Committee work is quickly coming to completion as we approach scheduled Sine Die next Saturday. Monday will be the last day for committees to pass legislation. This morning, the Senate Education and Health Committee passed a number of good education-related bills. One, HB 258, protects students' free speech rights on college campuses by prohibiting public colleges from isolating rallies, forums and even every day expression in so-called "free speech zones," which are anything but, and often are located in far flung areas of campus.

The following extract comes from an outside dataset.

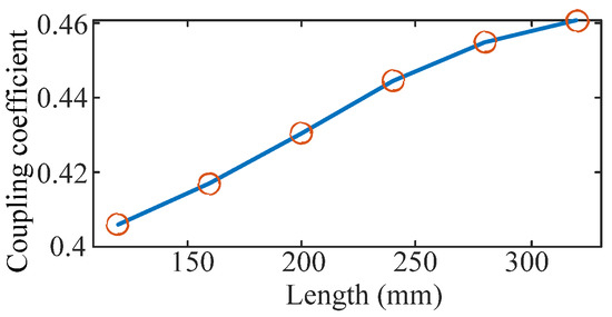 The length of the strips is tested from 120 mm to 320 mm. The waveforms of the magnet field strength and the coupling coefficient are shown in Figure 8 and Figure 9, respectively. According to these waveforms, the maximum magnetic field strength of the overflowed magnet field is decreased and the coupling coefficient is increased with the increment in the length.

Another, HB 197, requires public school teachers to use supplementary materials that properly teach the principles of the Declaration of Independence, the United States Constitution, the Bill of Rights, and other key foundational documents. These two bills now head to a vote on the Senate floor in the next few days. Delegates Scott Lingamfelter (R-31, Woodbridge) and Steve Landes (R-25, Verona) carried the two bills, respectively, and with Senator Carrico, did outstanding work on each of these issues.
Will Governor McAuliffe come to understand Senator Carrico's bill and sign it after all?